Energy

Ovintiv Inc. (NYSE: OVV) (TSX: OVV) today announced that George L. Pita has been named as an independent member of its board of directors, effective July1, 2021.

Ovintiv Names George L. Pita to Board of Directors (CNW Group/Ovintiv Inc.)

Pita, 59, currently serves as the executive vice president and chief financial officer of MasTec, Inc. (NYSE: MTZ), a leading North American infrastructure construction company. Before joining MasTec in 2013, he served in various leadership positions across multiple industries including CFO and executive vice president for Stuart Weitzman Holdings, LLC and CFO and principal accounting officer of Perry Ellis International, Inc. Pita graduated from the University of Miami , was a CPA for over 30 years, and is a member of the National Association of Corporate Directors, and the Latino Corporate Directors Association.

"We are very excited that George is joining our board. His significant business experience, diverse background and unique perspective will expand the board's strengths," said Ovintiv Chairman Peter Dea . "George's appointment builds on our thoughtful and ongoing board refreshment process."

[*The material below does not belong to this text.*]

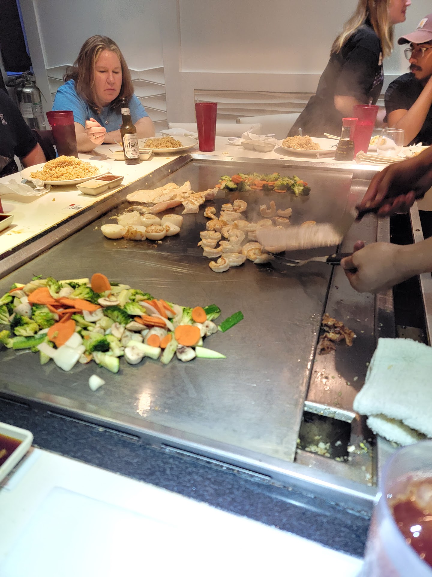 Read moreI regular this location a lot and out of the 100000 times visiting I am extremely disappointed with my visit tonight. I arrived and was sat with my party of 5 @ 8:00. Waiter came out pretty fast asked what we needed as far as drinks. Drinks were brung over and we waited for soup and salads. Another party was sat at our table and they have about 9 people with them. I am always happy to sit with another party during hibachi but based on the party size you would think they would sit them at there own table because this would bring our table to 14 guests. Waiter brought soup and salad and assisted the party that sat with us. Upon ordering the opposite party split 4 plates of hibachi between 9 people which affected the amount of food we received as we were supposed to receive extra rice because two people in our party agreed to no vegetables. This was offered to us by the waiter. The chef came out around 8:45 and seemed irritated as well because the party size was extremely large and the orders didn’t make sense that was written because of the sharing of the plates. My sister and daughter never received double rice because there was not enough food on his cart and to save time we agree to just move forward. I requested to order drinks once our waiter got the dirty plates but he never returned and pretty much just popped in once i retreated to get a manager. The sharing of plates , party size , waiter all attributed to time wasted and food not ate at the table because we spent over a hour waiting for all of our stuff to get cooked.

Since early 2019, including Pita, the Company has expanded its board diversity, added five new directors, appointed a new independent board chairman and refreshed its committee memberships, including three new committee chairs.

About Ovintiv Inc.
Ovintiv is one of the largest producers of oil, condensate and natural gas in North America . The Company is committed to preserving its financial strength, maximizing profitability through disciplined capital investments and operational efficiencies and returning capital to shareholders. A talented team, in combination with a culture of innovation and efficiency, fuels Ovintiv's economic performance, increases shareholder value and strengthens its commitment to sustainability in the communities where its employees live and work.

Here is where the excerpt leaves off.